Description
A motherboard (sometimes alternatively known as the mainboard, system board,planar board or logic
board, or colloquially, a mobo) is the main printed circuit board(PCB) found in computers and other expandable systems. It holds
many of the crucial electronic components of the system, such as the central processing unit (CPU) and memory,
and provides connectors for other peripherals.
Unlike a backplane,
a motherboard contains significant sub-systems such as the processor and other
components.
Motherboard specifically refers to a PCB with
expansion capability and as the name suggests, this board is the
"mother" of all components attached to it, which often include sound cards, video cards, network cards, hard drives,
or other forms of persistent storage;TV tuner cards,
cards providing extra USB or FireWire slots and a variety of other custom
components (the term mainboard is applied to devices with a single
board and no additional expansions or capability, such as controlling boards in
televisions, washing machines and other embedded systems).
History
Prior to the invention of the microprocessor,
a computer consisted of multiple printed circuit boards in a card-cage case
with components connected by a backplane,
a set of interconnected sockets. In very old designs the wires were discrete
connections between card connector pins, but printed circuit boards soon became
the standard practice. The Central Processing Unit, memory and peripherals were housed on individual printed circuit
boards which were plugged into the backplate.

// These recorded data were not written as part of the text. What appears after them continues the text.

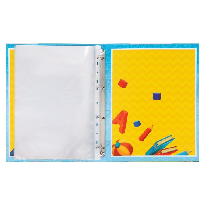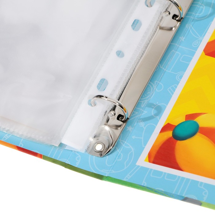 В набор входит: папка на кольцах, 6 односторонних листов-разделителей (мелованная бумага 157 гр/кв.м) и 6 файлов. Обложка выполнена из переплетного картона плотностью 1,5 мм, внутри есть четыре кольца, на которые следует цеплять файлы.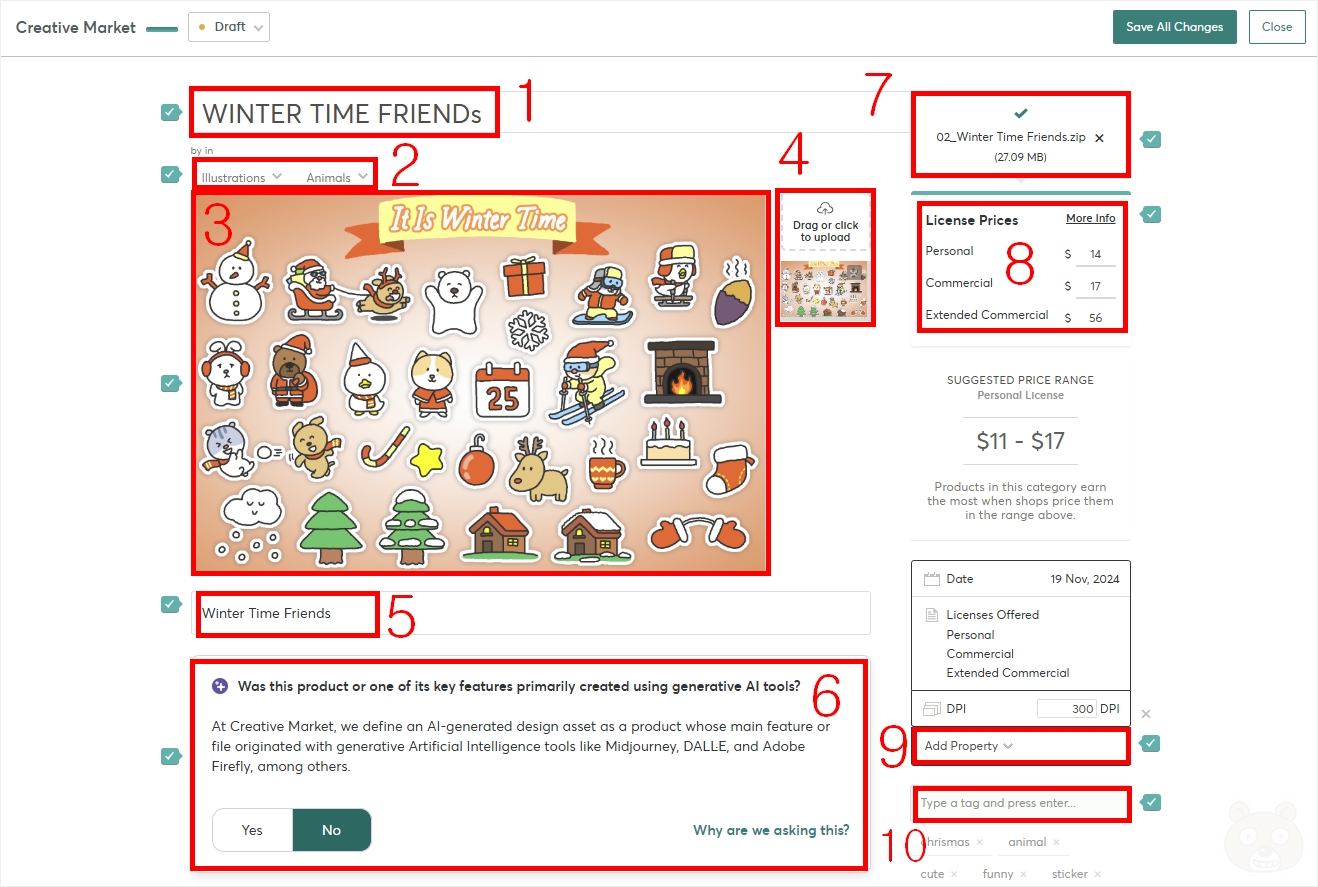 이렇게 입력하시면 됩니다. 6번의 경우에는 당연히 AI로 생성한 이미지를 사용하는것은... 솔직히 말이 안 되죠? 소신 발언을 하자면 AI 그림은 그림이 아닙니다. 짜깁기이며 편집의 영역이죠. 그렸다기 보다는 출력했다에 가깝다고 할 수 있겠습니다. 따라서 AI 그림으로 장사를 하겠다는건 진짜 사기꾼이나 다름 없죠.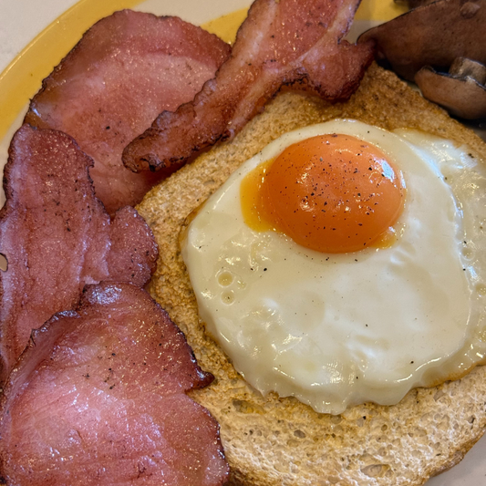 Fry Up Plate - Brown Plate, 1 x egg, rustic toast, mushroom, sausage, bacon 😋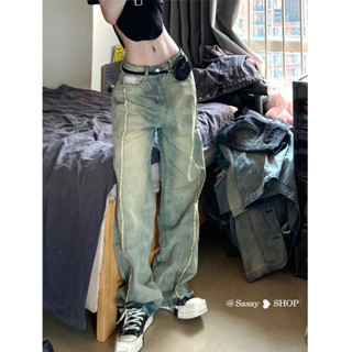 QADCOL Quần jean ống suông Màu Xanh Dương Hoài Niệm Thôn Viền Thô Kiểu retro Mỹ Cho Nữ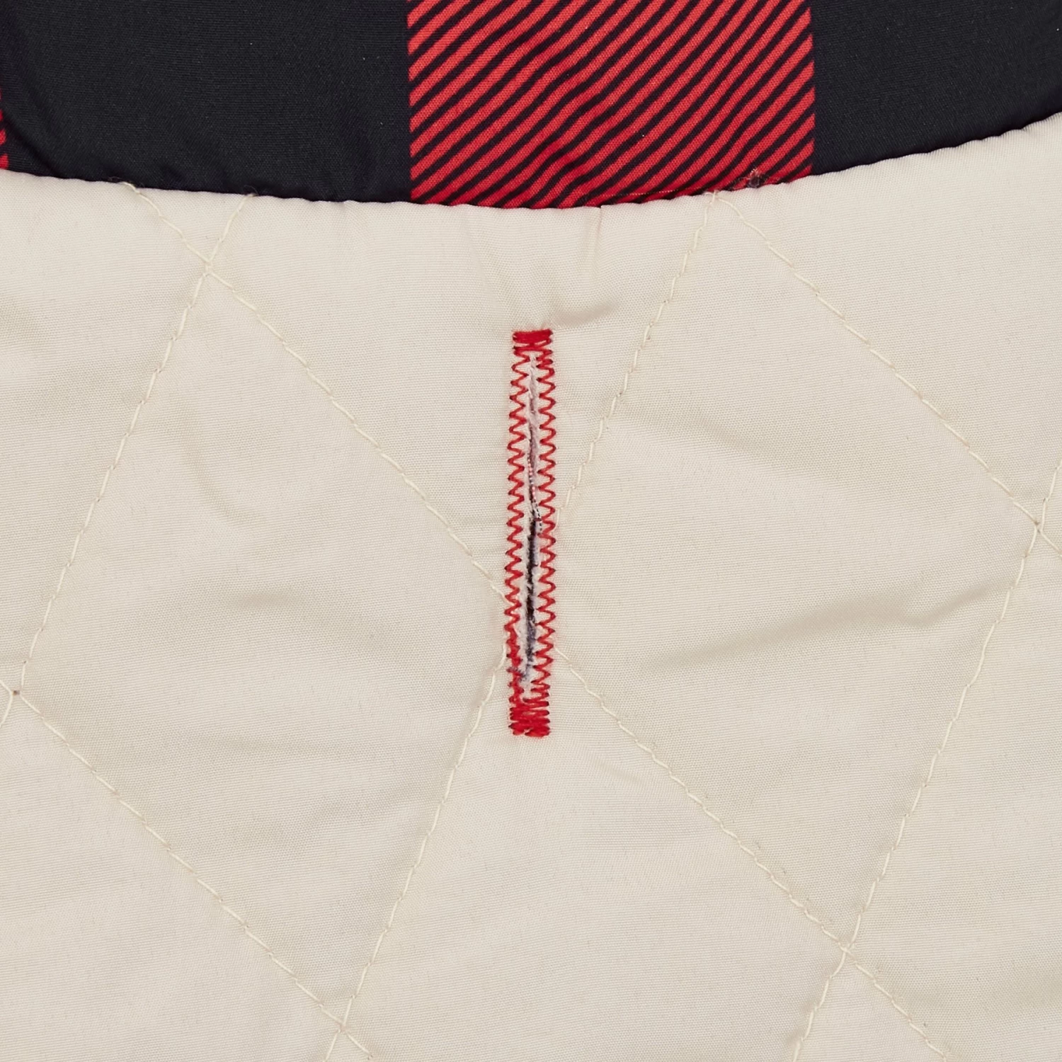 - The reversible design of this quilted jacket features a chunky red check on one side and solid beige on the other.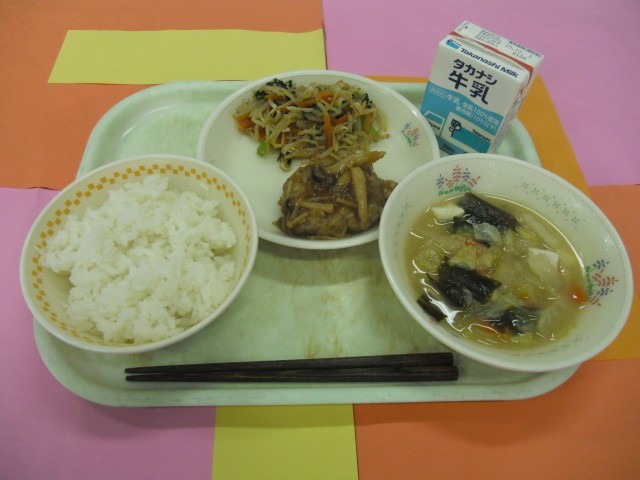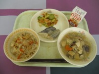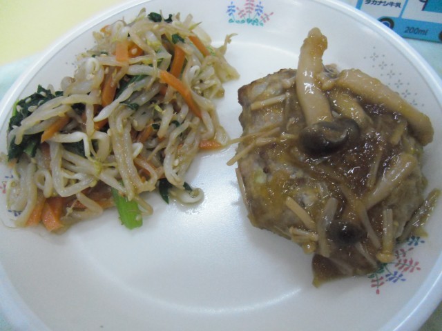 ごはん 和風ハンバーグ 野菜のからし和え 白菜と油揚げのみそ汁

During the late 1980s and 1990s, it became
economical to move an increasing number of peripheral functions onto the
motherboard. In the late 1980s, personal computer motherboards began to include
single ICs (also called Super I/O chips) capable of supporting a set of
low-speed peripherals: keyboard, mouse, floppy disk
drive, serial ports,
and parallel ports.
By the late-1990s, many personal computer motherboards supported a full range
of audio, video, storage, and networking functions without the need for any expansion cards at all; higher-end systems for 3D gaming
and computer
graphics typically
retained only the graphics card as a separate component.
The most popular computers such as the Apple II and IBM PC had published schematic diagrams and
other documentation which permitted rapid reverse-engineering and third-party replacement
motherboards. Usually intended for building new computers compatible with the
exemplars, many motherboards offered additional performance or other features
and were used to upgrade the manufacturer's original equipment.